Consortium Aims to Make Arkansas a Leader in Cybersecurity

Consortium Aims to Make Arkansas a Leader in Cybersecurity
Lee Watson, founder of the Forge Institute. The institute is part of a new consortium that aims to make the state a national leader in cybersecurity. (Jason Burt)

The University of Arkansas at Little Rock, the Forge Institute of Little Rock and the University of Arkansas at Pine Bluff on Wednesday announced a new consortium that aims to make the state a national leader in cybersecurity.

The Consortium for Cyber Innovation will bring industry, academic, nonprofit, government and even military partners together to collaborate on workforce development, research, and innovation.
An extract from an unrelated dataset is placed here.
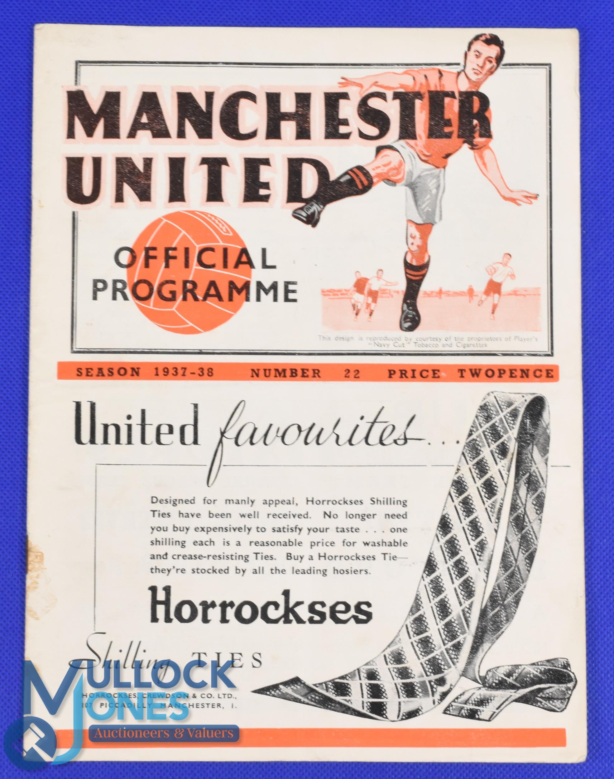 Pre-War 1937/1938 Manchester Utd v Burnley Div. 2 match programme 18 April 1938; overall fair/good. (1)

Their goals are to create “a strategic regional industry cluster in emerging technologies,” accelerate the development of the state’s cybersecurity workforce and aid the creation of more high-paying tech jobs in Arkansas. 
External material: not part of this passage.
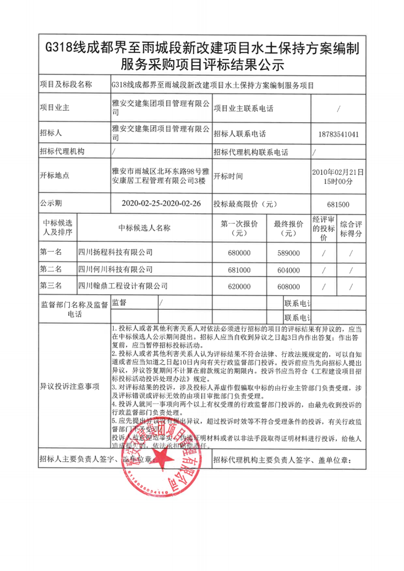 雅安交建集團項目管理有限公司G318線成都界至雨城段新改建項目水土保持方案編制服務(wù)采購項目評標結(jié)果公示

Also envisioned is a cyber talent pipeline from pre-kindergarten through graduate level students at higher education institutions and adding consistency to cybersecurity curriculums, which vary widely. 

The universities already have undergraduate and graduate computer science programs, while the Forge Institute is a nonprofit that offers training for current and prospective cybersecurity professionals.
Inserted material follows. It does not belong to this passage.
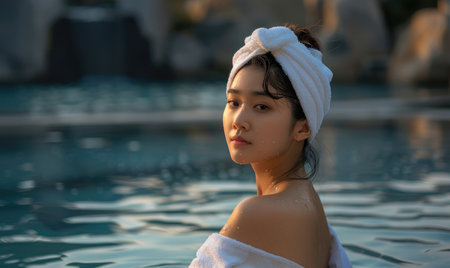 A tranquil spa setting is presented featuring a wooden structure over a water-filled basin. Soft towels are neatly stacked near a window with lush green plants. The image employs warm lighting and a muted color palette, conveying a sense of serenity. Suitable for lifestyle, wellness, or relaxation-themed commercial applications.

Acxiom of Conway, a data management, data science and privacy technology firm, was one of the industry partners represented Wednesday at the announcement at UA Little Rock Downtown in Little Rock.

Forge Institute CEO Lee Watson said industry analysts are showing that cybercrime is expected to cost the world over $10 trillion annually by 2025 and cyberattacks have increased by 600% since the pandemic began. Both figures have been reported by national media outlets earlier this year.

Watson said cybercrime not only brings risks for companies, which are being attacked, but also economic opportunities for Arkansas. He said there are 1,400-plus open cybersecurity jobs across the state, and 467,000 across the U.S. Both figures are expected to grow fast over the next few years, and these jobs also pay $40,000 to more than $100,000 a year, he said.

He called the consortium a “first of its kind” effort to seize these opportunities.

Lee also said, in response to an audience member’s question, that companies can participate in and benefit from the consortium in many ways. They can hire new talent, take on apprentices and interns, mentor students, help fund and access undergraduate research, and inform educators as they develop curriculum.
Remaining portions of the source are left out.